Complex Effects of Salt on Small-Angle X-ray Scattering of BSA Originate From the Interplay of Ions and Hydration Water

TL;DR

This study combines experimental SAXS data with molecular dynamics simulations to reveal how salts influence protein structure through interactions with ions and hydration water.

Contribution

It introduces a novel approach integrating FMAPIq with explicit-solvent simulations to elucidate salt effects on protein SAXS data.

Findings

Salt effects on BSA SAXS arise from ion and hydration water interplay.

The combined method provides a detailed picture of protein-ion-water interactions.

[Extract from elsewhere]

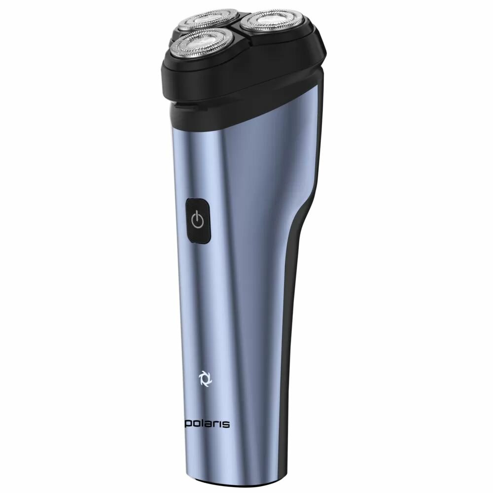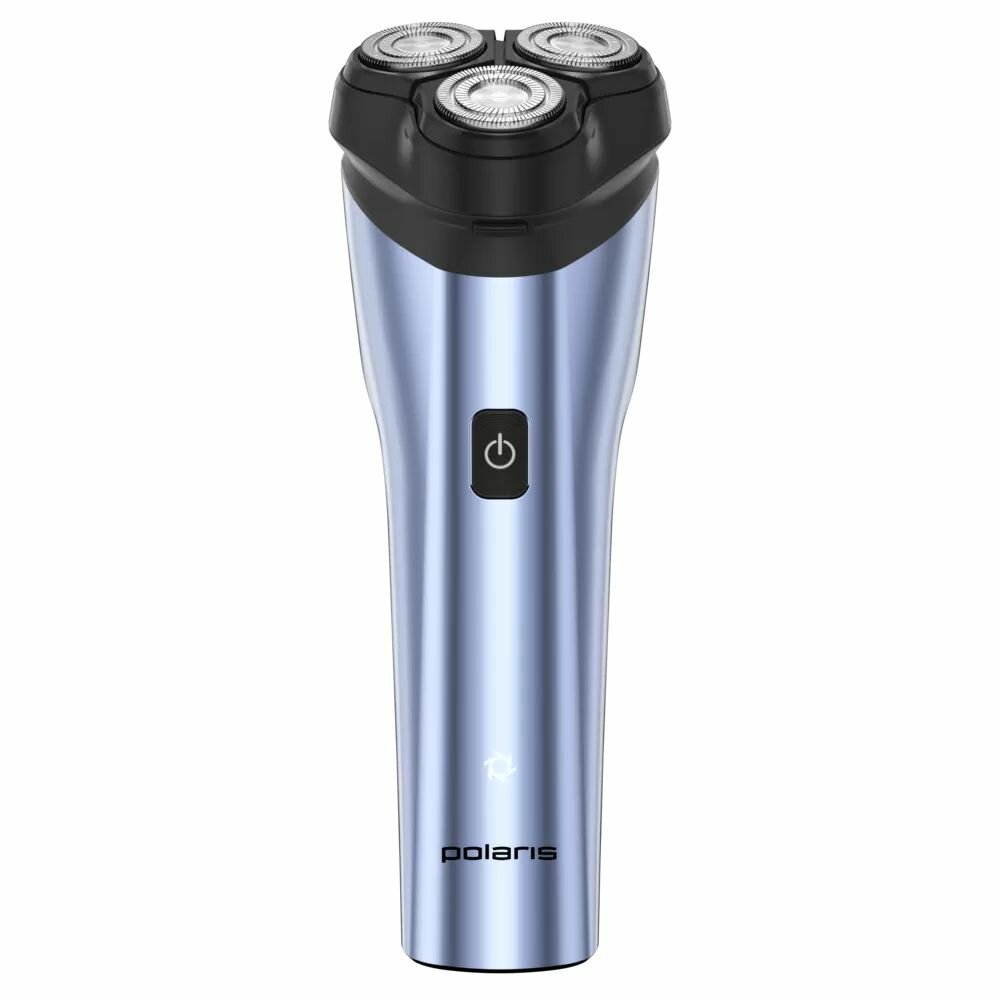 Купить Бритва электрическая Polaris, роторная, для сухого и влажного бритья, быстрая зарядка, от сети и аккумулятора, синий металлик

Complex salt effects can be explained by this integrated modeling approach.

Abstract

Salts are an integral part of the environment for living systems and, therefore, understanding their effects on proteins and other biomolecules is of fundamental interest. Small-angle X-ray scattering (SAXS) of protein solutions can provide valuable information on salt effects, but extracting this information has been a significant challenge. For example, SAXS data of bovine serum albumin (BSA) at various salt concentrations were fit to three different spherical models. Here we combined the newly developed FMAPIq approach with explicit-solvent all-atom molecular dynamics simulations to show that the complex effects of salt on the SAXS of BSA originate from the interplay of ions and hydration water, leading to a general picture of protein-ion-water interactions.